What Is Soring a Horse? A Cruel, Illegal Practice

Soring is the deliberate infliction of pain on a horse’s legs or hooves to produce an exaggerated, high-stepping gait known as the “big lick.” It is both illegal under federal law and widely condemned as animal abuse. The practice is most closely associated with Tennessee Walking Horse competitions, where trainers use chemical irritants, pressure, or weighted devices on the front limbs to force horses to lift their legs unnaturally high in the show ring.

How Soring Works

The basic principle behind soring is simple and cruel: when a horse’s front legs are in pain, it lifts them higher and faster to minimize contact with the ground. This creates a dramatic, chest-high stride that judges in certain show circuits have rewarded for decades. A horse moving naturally would never produce this motion on its own.

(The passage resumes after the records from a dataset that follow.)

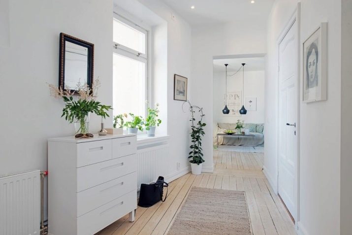 Sie betreten die Eingangshalle von der Straße aus, Kleidung und Schuhe bleiben hier, Straßenschmutz sammelt sich an. Korridor - die Lücke zwischen mehreren Räumen. Mit einfachen Tricks können sie leicht zwischen diesen beiden Zonen unterscheiden. Dies geschieht mit:
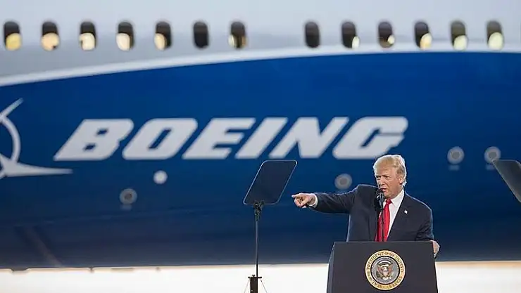 Trump, Boeing’in “787 Dreamliner” model yeni uçağının tanıtımı için firmanın Güney Carolina eyaletindeki tesisini ziyaret etti.
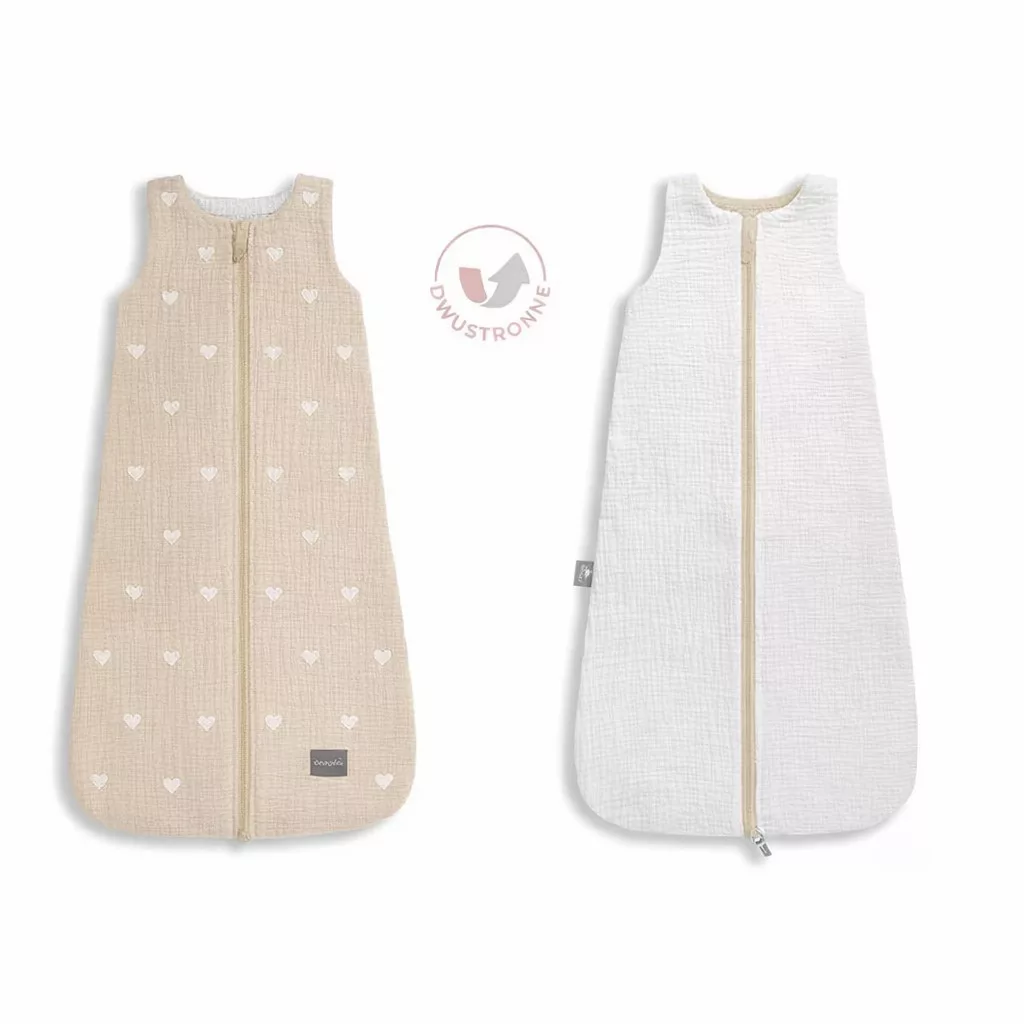 Sleepee kifordítható muszlin baba hálózsák 4-24 hó (M méret), beige homok szín, fehér szívecskés mintával (1.0 TOG)

Trainers use several methods to cause this pain. Chemical soring involves applying caustic substances like mustard oil, diesel fuel, or croton oil to the skin around the pasterns (the area just above the hoof). These chemicals burn and blister the tissue, making the skin excruciatingly sensitive. The irritated areas are then sometimes wrapped in plastic or bandages to intensify the chemical reaction before being covered up.

Mechanical soring uses physical objects to cause pain. Heavy stacked shoes or pads, sometimes called “action devices,” add weight to the horse’s front feet. Chains or metal rollers are placed around the pasterns so they repeatedly strike the chemically irritated skin as the horse moves, compounding the pain and forcing the legs even higher. Some trainers trim the hooves unevenly or drive objects into the sole of the foot to create pressure pain with every step.

What It Does to the Horse

The physical damage goes well beyond surface-level burns. Repeated tissue injury lowers the horse’s pain threshold over time, meaning the legs become more sensitive, not less. The pain response also expands outward from the original injury site, so even areas of uninjured skin near the damaged tissue become painful to the touch. Previous painful episodes can have long-lasting effects on nerve sensitivity, meaning a horse that has been sored may carry heightened pain responses for months or years after the abuse stops.

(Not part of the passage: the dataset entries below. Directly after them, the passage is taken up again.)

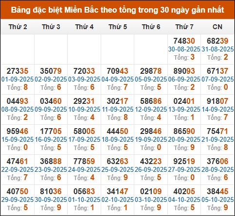 Thống kê GĐB miền Bắc theo tổng trong 30 ngày tính đến 06/10/2025
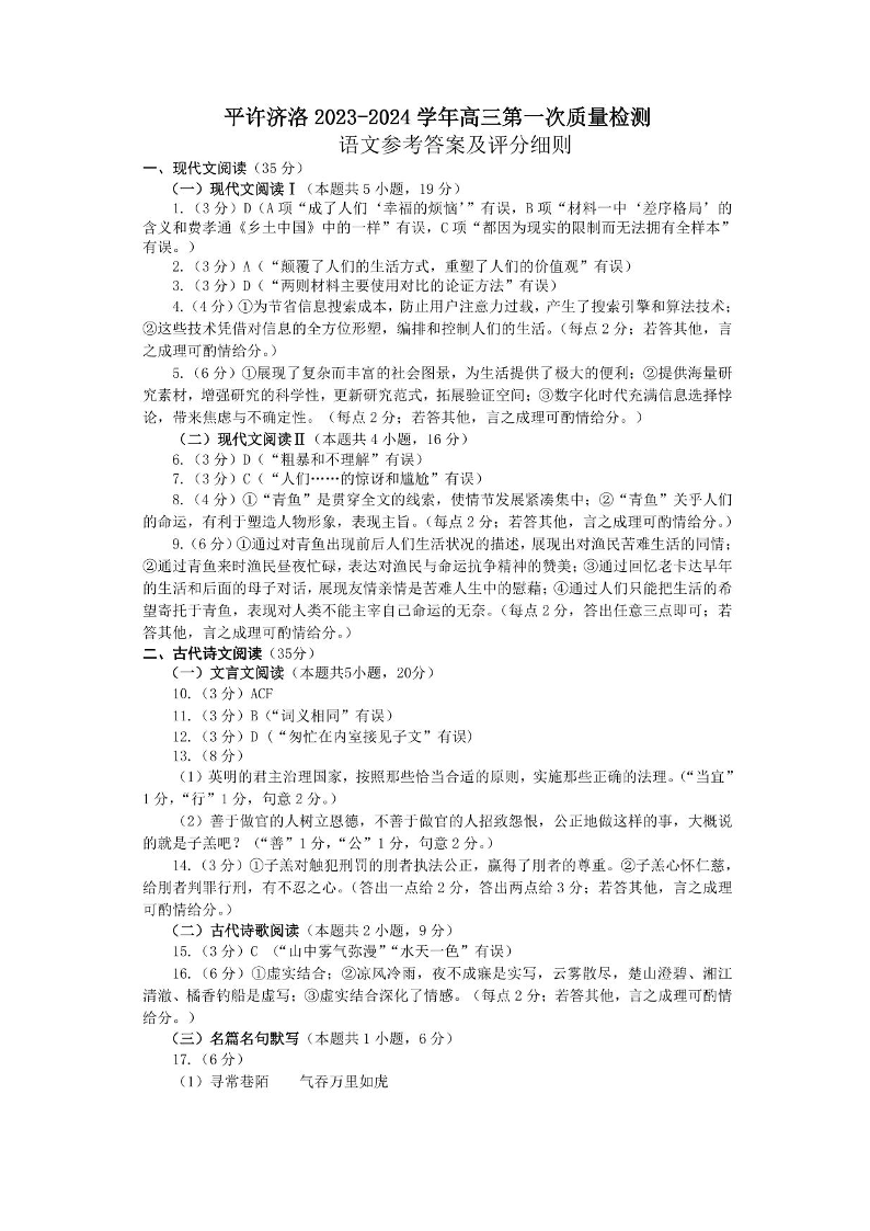 河南省平许济洛四市联考2023-2024学年高三上学期第一次质量检测 语文参考答案
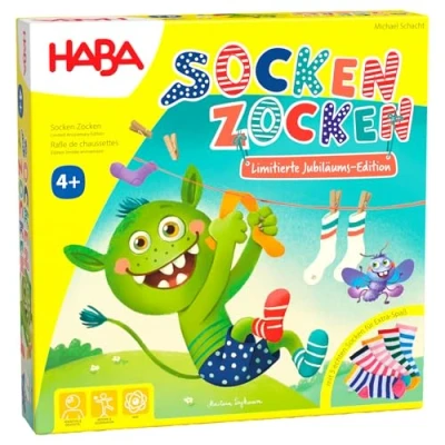 LIMITED ANNIVERSARY EDITION: Celebrate the 20th anniversary of Socks Gambling with a special edition that includes real socks and special extras. Hand socks challenge: for even more fun, players put socks over their hands to increase the challenge. Fast playing fun: simple rules allow quick and easy entry for children and families. FOR THE WHOLE FAMILY: Suitable for 2-5 players, all play at the same time and try to find the most pairs without catching holey socks. High-quality materials: contains sock monster and moth toy figures made of robust wood, as well as colourful fabric socks and sock plates., Manufacturer: HABA
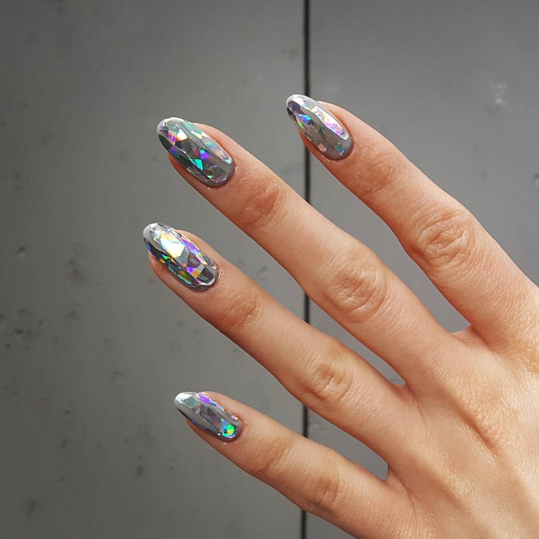 Данная техника витражного маникюра особенно схожа с известным «битым стеклом». Дело в том, что в процессе оформления ногтей используются небольшие кусочки фольги или слюды. Если их выложить равномерно на всей пластине, поверхность визуально очень похожа на витраж. Также при желании можно использовать такой декор, как блестки или стразы.
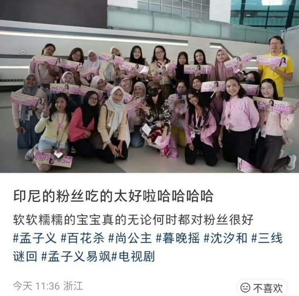 棕白雪花纹针织开衫+复古长筒靴,孟姐路透造型温柔又时髦!英文互动超自信,和粉丝贴脸合影、收花到手软,雅加达的人气直接爆棚

A sored horse redistributes its weight to the hind legs, keeping the front limbs as lightly planted as possible. This abnormal weight-loading strains the entire musculoskeletal system and creates chronic lameness. Horses may stand hunched over or “camped out,” with their front legs extended forward to reduce pressure. They often point a front limb (resting it with just the toe touching the ground) or shift their weight constantly, unable to find a comfortable stance.

Pain also shows in the horse’s face. Horses in pain display involuntary facial expressions: ears rotated backward, tension above the eyes, dilated nostrils, pursed lips, and a flattened facial profile. They may grind their teeth, sweat excessively, or show brief involuntary muscle twitches. Some become excessively quiet and withdrawn. Others grow restless and reluctant to be led.

How Inspectors Detect Soring

At shows governed by the Horse Protection Act, inspectors evaluate horses before they enter the ring. The process relies on two main techniques: observing the horse in motion and physically examining the legs by hand.

First, the inspector watches the horse walk and turn, looking for compensatory movements that signal pain. These include head bobbing, changes in how the feet land, subtle limb favoring, and uneven weight distribution. A sound horse moves in a free, easy manner. A sored horse does not, though the signs can be subtle if the horse has been trained to mask them.

Then the inspector palpates (presses with the fingers) the front limbs from the knee down to the hoof, paying close attention to the pasterns, fetlocks, and the soft area at the back of the heel. A horse that flinches, stamps, lifts its foot, flexes the limb, or tries to walk away during this examination is flagged as potentially sore. A horse found to be sore in one or both front legs is disqualified from the entire show.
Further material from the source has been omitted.